American politician (1883–1918)

Vernon A. Forbes (October 17, 1883 – July 7, 1918) was an American attorney and state legislator from the state of Oregon. After graduation from law school in Minnesota, he moved to central Oregon and opened a law office in the city of Bend. Forbes was a Republican who served three two-year terms in the Oregon House of Representatives, representing Crook, Deschutes, Grant, Jefferson, Klamath, and Lake counties. He drowned during a fishing trip near the end of his third term in the legislature.

== Early life ==
Forbes was born on October 17, 1883, in St. Croix Falls, Wisconsin. He was the son of Smith R. Forbes and Mary Elizabeth (Outcelt) Forbes. He attended public elementary school in St. Croix Falls and then Osceola High School, graduating in 1904.

After high school, Forbes decided he wanted to join the legal profession. To prepare for law school, he attended Macalester College in Saint Paul, Minnesota, for two years. Forbes then enrolled in the University of Minnesota Law School. In law school, he was known for his logical and clear thinking. He graduated from that institution with a Bachelor of Laws degree in 1909.

== Professional and personal life ==
After finishing law school, Forbes moved to Bend, Oregon. He was admitted to the Oregon bar in 1910. He was successful in his private law practice, specializing in land and irrigation litigation. He also handled personal lawsuits and criminal cases. His clients included some of the largest companies operating in central Oregon. Forbes was also the attorney for the City of Bend and Bend's school district. Forbes quickly earned the respect of his peers throughout central Oregon. In 1913, Charles W. Erskine joined his law practice as an associate. Their partnership lasted until 1915, when Erskine became Crook County's assistant district attorney.

In 1914, Forbes married Ann Markel, a teacher at Bend High School. A native of Illinois, she attended Rockford College before moving to Bend in 1909. Together, they had one son, Vernon A. Forbes, Jr.

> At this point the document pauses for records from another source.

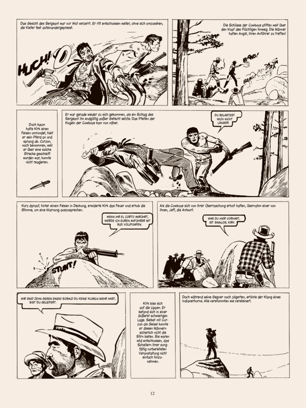 Sergeant Kirk, Deserteur von der 7. US-Kavallerie, hat sich mit seinem Blutsbruder Maha von den Tchatooga zusammengetan. Zu den beiden stoßen der exzentrische Dr. Forbes und der Ex-Bandit The Short („El Corto“, der Kurze). Das ungewöhnliche Quartett muss sich im Grenzgebiet gegen Comanche wehren, aber sie machen auch Jagd auf Corazon Sutton, den brutalsten Killer im ganzen Westen.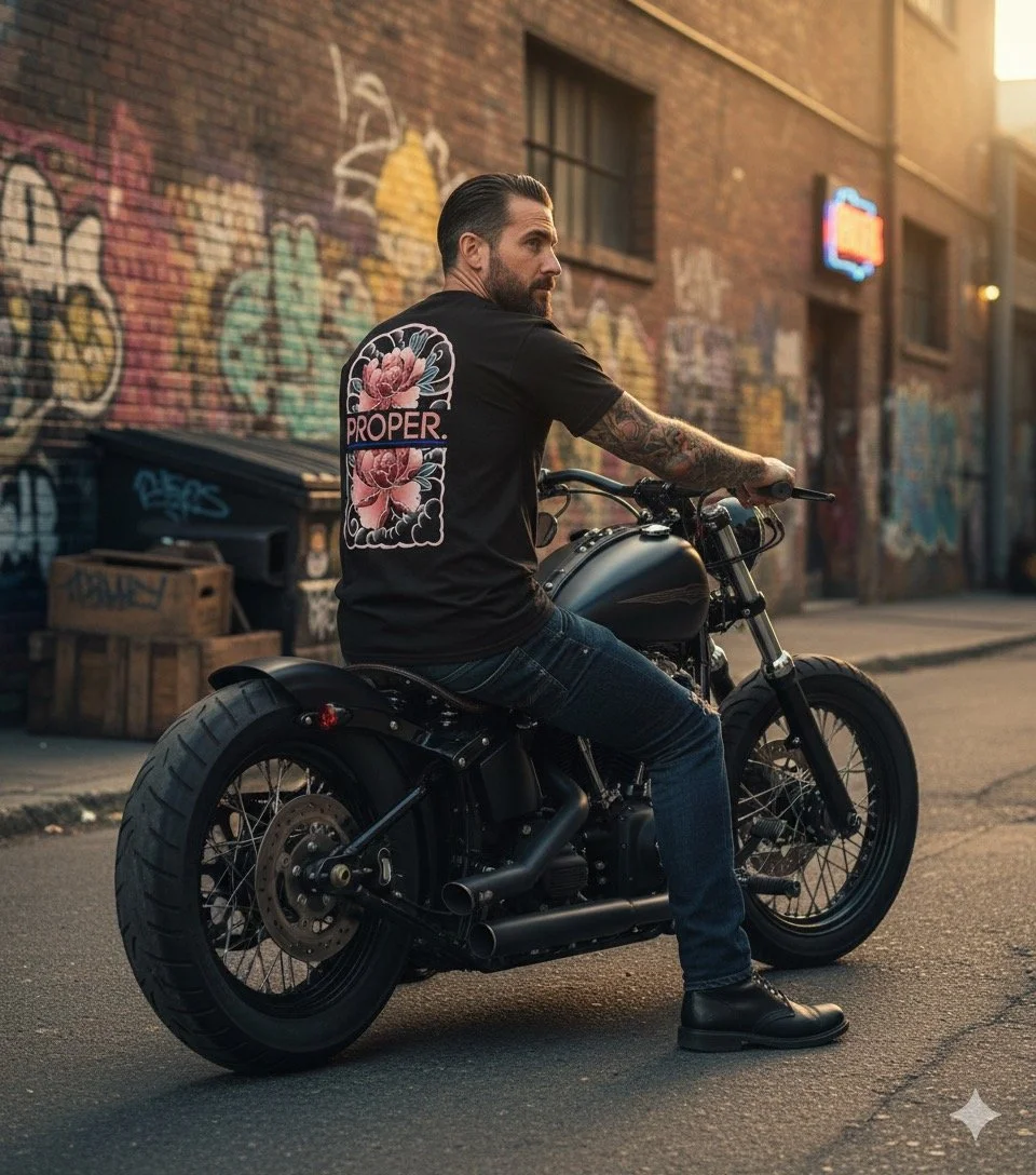 Traditional roots. Modern edge. The Proper Peony Tee blends classic tattoo florals with bold framing and the signature Proper mark. A clean canvas for everyday wear — from shop life to night lights.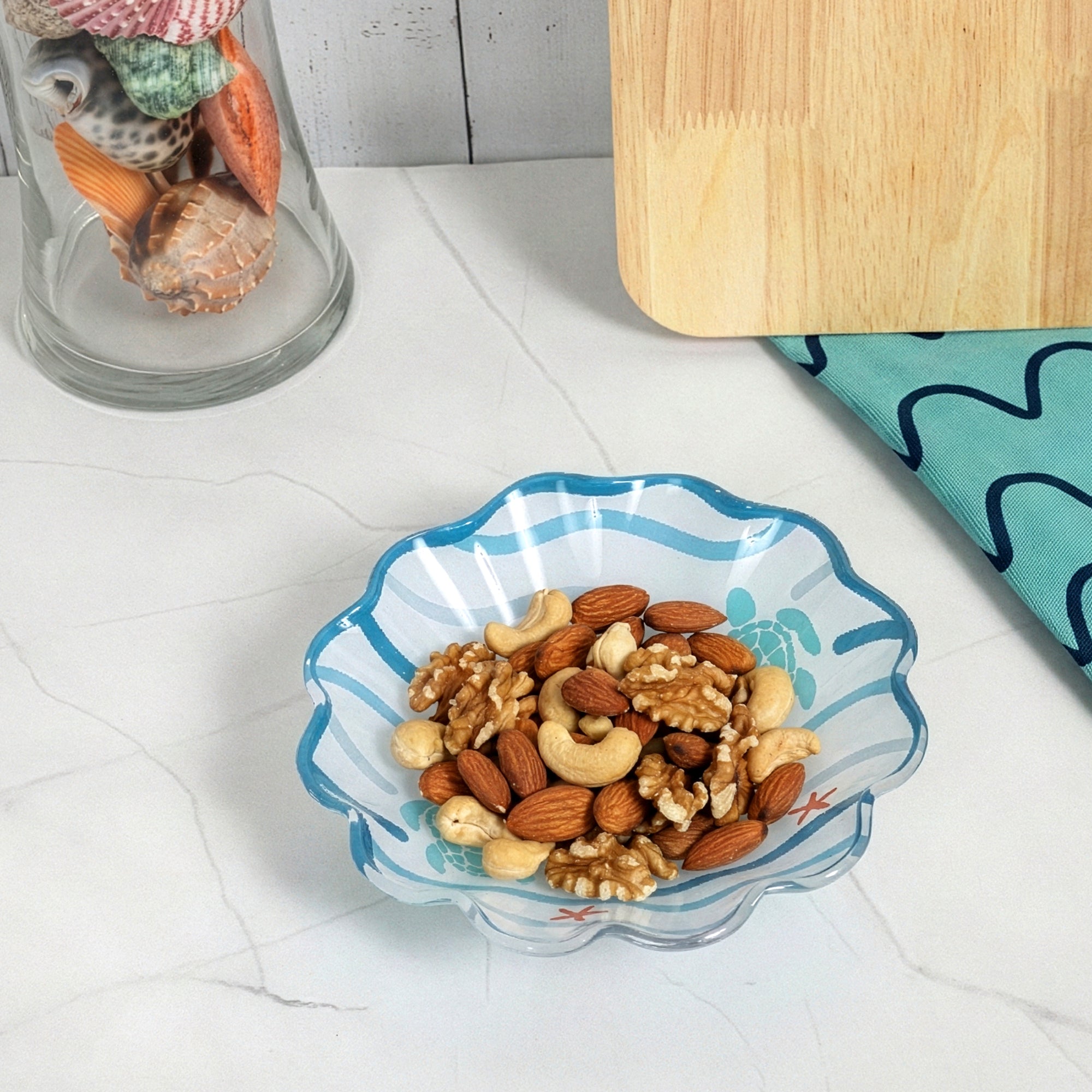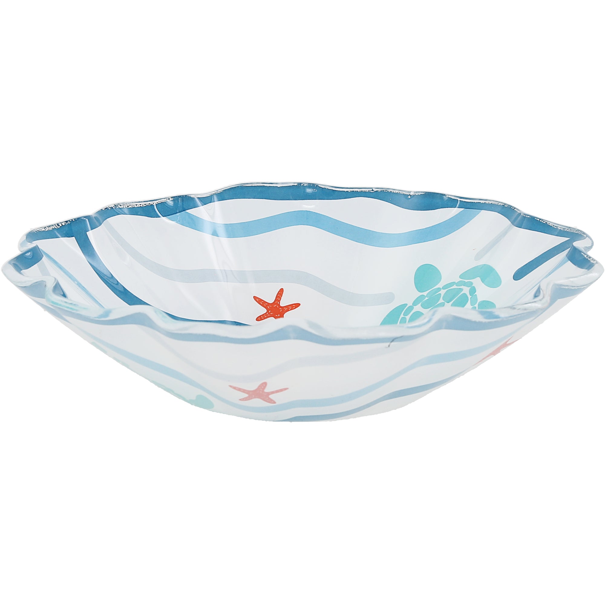 - IN-HOUSE DESIGN: Features original artwork from the Fruitful Livin’ collection by Jennifer Smelker, showcasing sea turtles, starfish, and flowing ocean waves in teal, coral, and aqua tones. The artwork is permanently fused to the underside of the bowl to preserve color vibrancy and prevent surface scratching during use.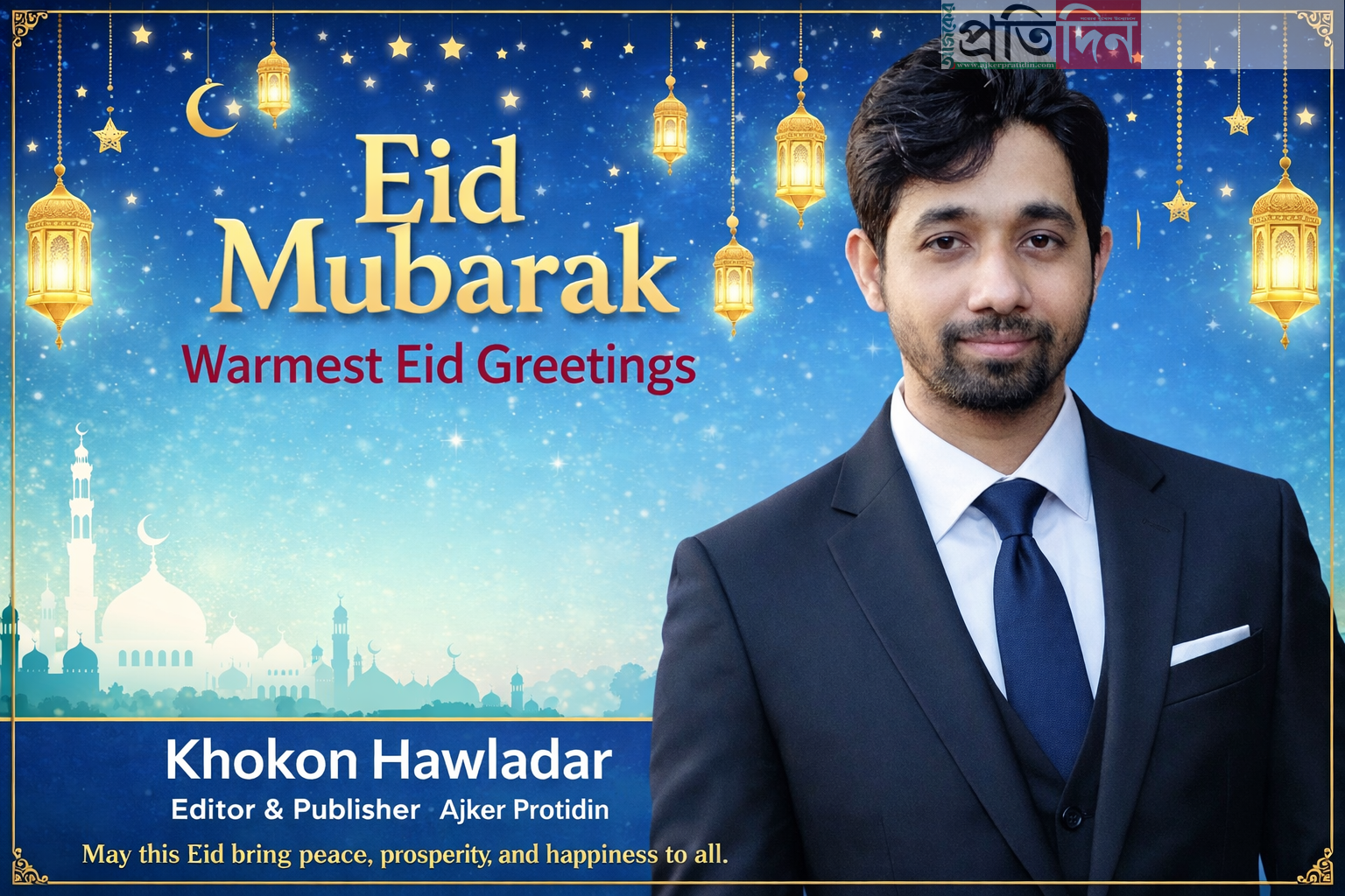 আজকের প্রতিদিন পত্রিকার সম্পাদক ও প্রকাশক খোকন হাওলাদার দেশের মানুষকে পবিত্র ঈদুল ফিতর উপলক্ষে আন্তরিক শুভেচ্ছা জানিয়েছেন।

Forbes was present in Salem on December 14, 1916, when Governor James Withycombe signed the proclamation officially creating Deschutes County. After the new county government was organized, Forbes filed the first lawsuit in Deschutes County circuit court on December 20, 1916, seeking to recover $298 for his client. In early 1917, he filed the county's first divorce petition for one of his clients.

Forbes was also a prominent member of the Bend community. He was active in politics and civic affairs. In politics, he was a strong supporter the Republican Party. After the United States entered World War I, Forbes supported the war effort, serving as an advisor to the local draft board and speaking at local war rallies. He was a member of the local Knights of Pythias chapter. He was also a member of the Elks and was a leading advocate for establishing an Elks lodge in Bend. In 1917, Forbes was elected temporary chairman of the local Elks members group pending approval of an Elks lodge charter in Bend. In addition, Forbes liked to hunt and fish.

== State representative ==
In 1912, Forbes decided to run as a Republican for a District 21 seat in the Oregon House of Representatives. At that time, District 21 had two seats that represented Crook County (which at that time, still included what is now Deschutes and Jefferson counties) as well as Grant, Klamath, and Lake counties. When he joined the race, Forbes became the first citizen of Bend to file for a state office.

Forbes and Wesley O. Smith of Klamath Falls were the only Republicans to file for the District 21 seats. Since the Republican Party was allowed to nominate two candidates for the two District 21 seats, Forbes and Smith were both nominated in Republican primary. Since no Democratic candidates filed for the District 21 seats, Forbes and Smith were unopposed in the general election.

Forbes took his seat in the Oregon House of Representatives on January 13, 1913, representing District 21. He worked through the 1913 regular legislative session which ended on March 5. During the session, he served on the counties, irrigation, public lands, revisions of law, and rules committees. Throughout the session, Forbes was an active member of the House, both in committees and on the floor. After 1913 legislative session ended, Speaker Clifton N. McArthur appointed Forbes to the Celilo Commission to study the possibility of generating power on the Columbia River at the Celilo Falls site.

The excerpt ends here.